The question is, what needs fixing? And once you've decided on that, how do you go about doing it?
Duke coach Mike Krzyzewski appeared on Oklahoma City sports talk show "The Sports Animals" Monday, and he was asked this exact question: "What do we have to do to fix the game of college basketball?"
This is a really broad question. It assumes that college basketball needs fixing, but it doesn't provide any premise for exactly what about the sport is so desperately in need of repair. I can think of a few things, of course. Coach K, for his part, made an interesting point -- that the relationship between the NBA and college hoops is fundamentally broken:
"First of all college basketball doesn’t control college basketball," Krzyzewski said. "The NBA controls college basketball. They are the ones along with the players union that sets the rule. College basketball just reacts to what the NBA does to include the early entry date. College basketball put out April 10. Well, that date doesn’t mean anything. April 29 is when guys have a chance to put their names in the NBA draft.
"I think one of the main things that has to happen is college basketball has to have a relationship with the NBA," he said. "There should be someone in charge of college basketball who on a day-to-day basis sets an agenda for our great sport. We don’t have anything like that. As a resolve we don’t have a voice with the NBA or the players union and that’s just kind of sad."
Who would disagree with that?
I'm not sure the one-and-done rule is the biggest problem afflicting college hoops specifically -- it affects, what, 30 players (tops) every year? -- but it is not unfair to say the utter lack of relationship between the NBA and the college game is a major problem affecting both levels of the sport, but particularly college basketball, generally. And how do you fix that? Coordination. Organization. Some apparatus by which NCAA president Mark Emmert can say, "Hey, NBA, we're happy to keep doing our thing down here -- building players' brands and developing them for entry into your professional embrace -- but you've got to throw us a bone. We're really getting slammed." This would seem to be in the NBA's interest, too. After all, the deal it gets from the NCAA is pretty good, but the deal could be better, couldn't it? Talent evaluation is still less a science than an art. General managers still make mistakes on weak information, still have a limited amount of time to get to know draftees in intimate ways. Is there any way to close that gap?
This is basically me noodling here, and I admit there are no ready-made solutions. At the end of the day, what Coach K is probably really talking about is a move to a two-and-through (copyright John Gasaway) or three-and-free (I just made that up) via the NBA collective bargaining process.
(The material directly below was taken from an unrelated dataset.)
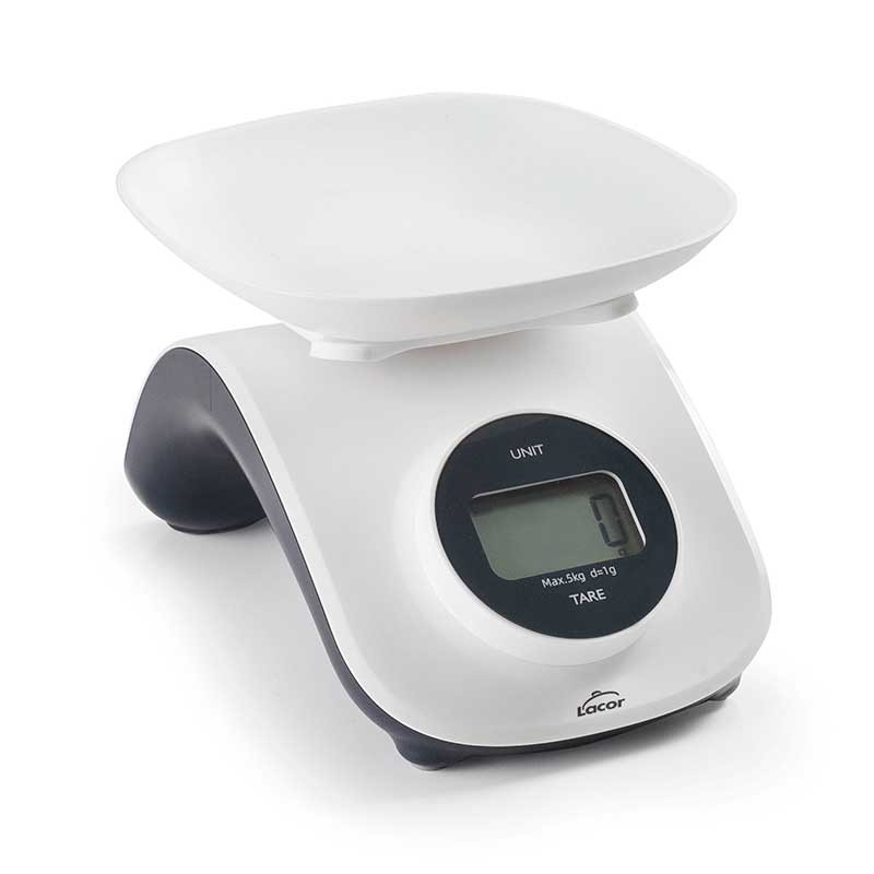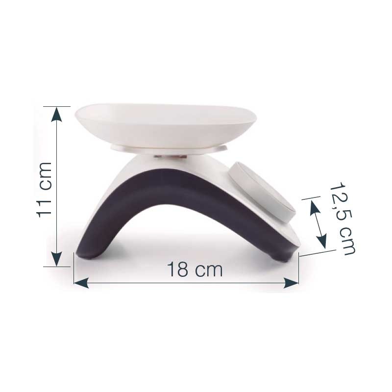 Báscula de cocina ligera y compacta modelo Eco con tecnología sin pilas ni batería. Dispone de botón giratorio para generar energía.

That's really the only hope for changing the one-and-done rule, which seems to be the popular consensus even among those coaches (like John Calipari) who have utilized it to their competitive advantage.
But the general idea -- some relationship between college hoops and the NBA, similar to USA Basketball and the NBA, or USA Basketball and the college game, some go-between, some committee, something -- would be an undeniably positive step in the right direction for the sport as a whole, right?